К этой же группе относят и нуклеотидные ингибиторы фермента обратной транскриптазы ВИЧ – монофосфанаты нуклеозидных ингибиторов (НтИОТ):

  • аналоги тимидина – фосфазид (Никавир);
  • аналоги аденина – тенофовира дизопроксил фумарат*.

Вторая группа включает ненуклеозидные ингибиторы обратной транскриптазы ВИЧ (ННИОТ). Эти препараты встраиваются в активный центр фермента вируса и, таким образом, блокируют дальнейшее построение РНК ВИЧ. В арсенале врачей имеются три представителя этой группы: невирапин (Вирамун), ифавиренц (Стокрин, Сустива) и делавердин*.

Третью группу составляют ингибиторы протеазы ВИЧ (ИП), которые блокируют активный центр протеазы вируса и нарушают формирование вирусных белков: саквинавир (в твердых капсулах [HGC] – Инвираза; в мягких капсулах [SGC] – Фортоваза), индинавир (Криксиван), ритонавир (Хорвир), нелфинавир (Вирасепт), ампренавир (Агенераза) и атазанавир*. К этой же группе относится первый комбинированный препарат, включающий лопинавир и ритонавир (Калетра).

Четвертая группа представлена ингибитором фузии (процесс подтягивания вирусной частицы к лимфоциту) инфувиртидом*.

Первый АРП – азидотимидин (зидовудин) используется с 1987 г., вначале в качестве монотерапии, а с 1992 г. – в виде двойной терапии вместе с другими НИОТ [3].

Высокоактивная антиретровирусная комбинированная терапия (ВААРТ), включающая 3 и большее количество лекарственных средств, была введена в медицинскую практику в конце 1995 г., когда появился первый препарат из группы ИП – саквинавир.
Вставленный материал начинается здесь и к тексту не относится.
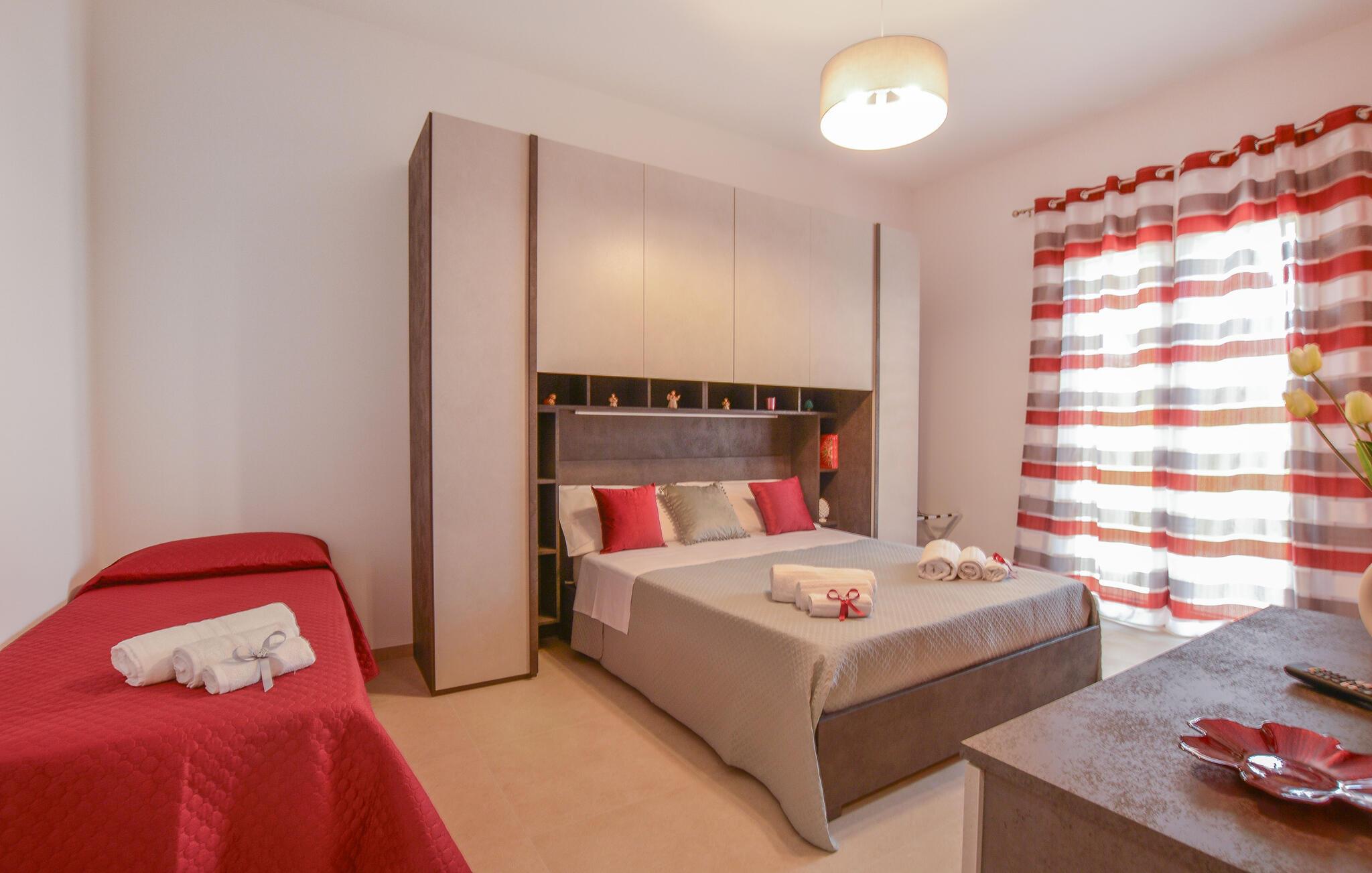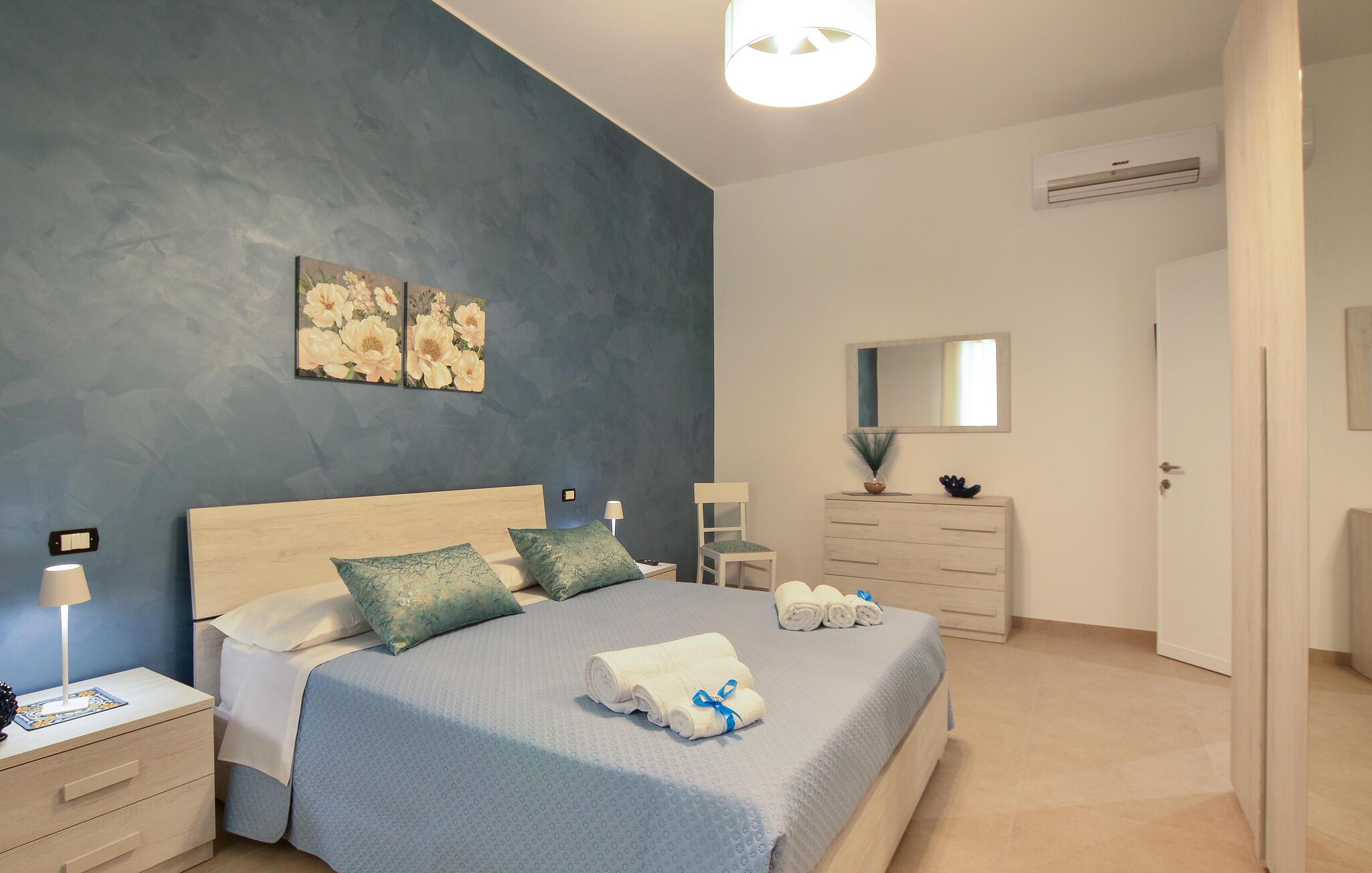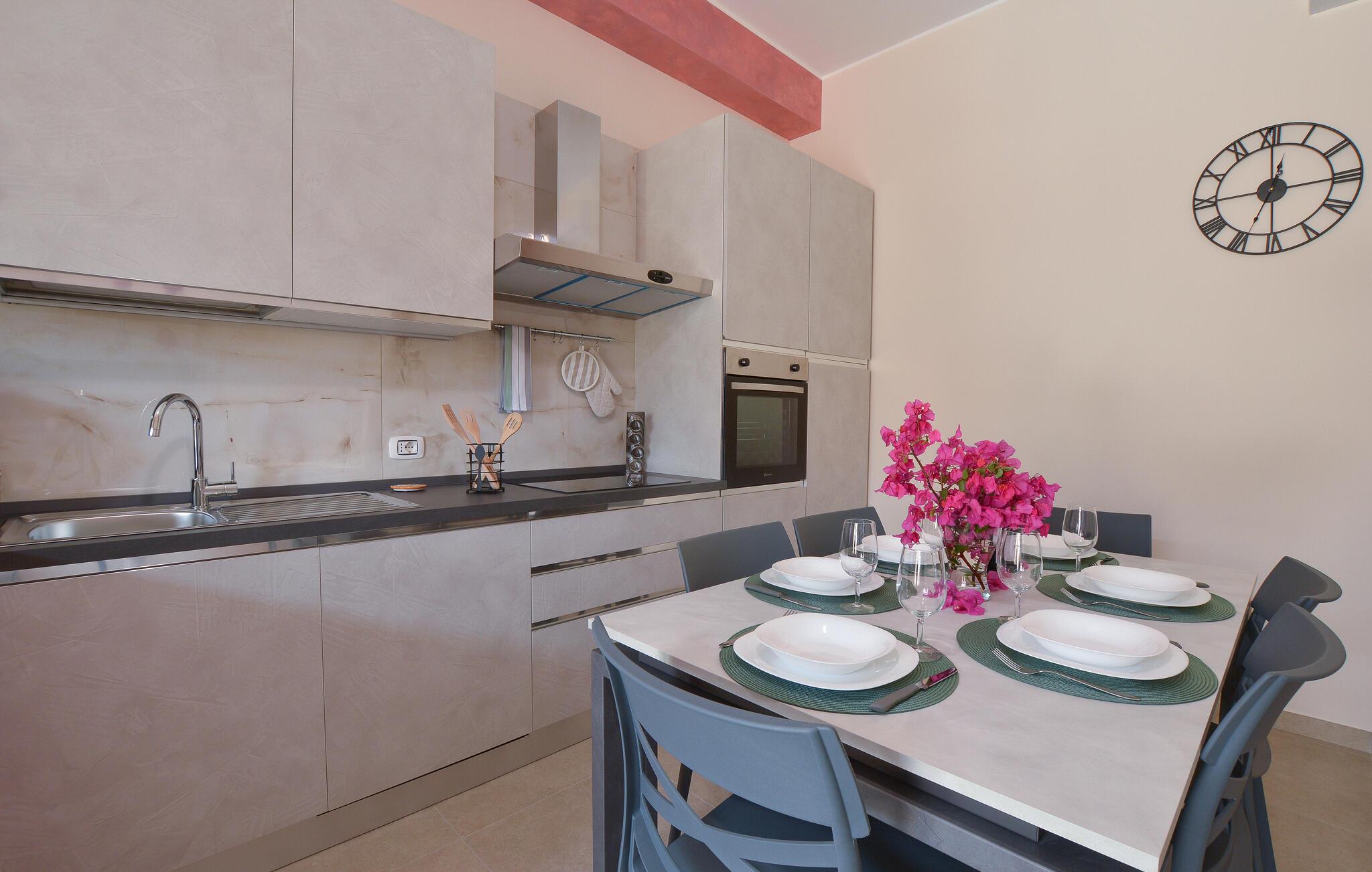 Dieses charmante Ferienhaus in Menfi lädt Sie ein, Ihre Auszeit in stilvollem Ambiente zu genießen. Die geschmackvoll eingerichteten Innenräume, in weichen Farben gehalten, vermitteln sofort ein Gefühl von Geborgenheit. Mit viel Liebe zum Detail dekoriert, bietet das Haus eine Atmosphäre, in der Sie sich rundum wohlfühlen. Es ist der perfekter Rückzugsort, um den Alltag hinter sich zu lassen und unbeschwerte Urlaubstage zu erleben. Kochen Sie gemeinsam oder genießen Sie gemeinsam die moderne Einrichtung.

Лишь ВААРТ дает возможность полностью подавить репликацию ВИЧ и снизить уровень его РНК в крови до неопределяемого уровня у абсолютного большинства пациентов.

Одновременное назначение двух НИОТ в сочетании либо с ИП (например, саквинавир или нелфинавир), либо с ННИОТ (невирапин или ифавиренц) позволяет воздействовать на разные этапы жизненного цикла вируса и в значительной степени снижает его жизнеспособность. В Западной Европе и Северной Америке трехкомпонентную антиретровирусную терапию к 1999 г. получало около 85% больных СПИДом, в результате чего, начиная с 1995 г., смертность от этого заболевания уменьшилась приблизительно в 7-8 раз. Если раньше из каждых 100 больных СПИДом за год умирало 33-34 человека, то сейчас – лишь 3-5 [4]. Это доказало высокую эффективность терапии и не только существенно продлило жизнь пациентов, но и сохранило приемлемое ее качество за счет поддержания иммунной системы на уровне, препятствующем возникновению инфекций и онкологических заболеваний, которые, как правило, становятся непосредственной причиной смерти.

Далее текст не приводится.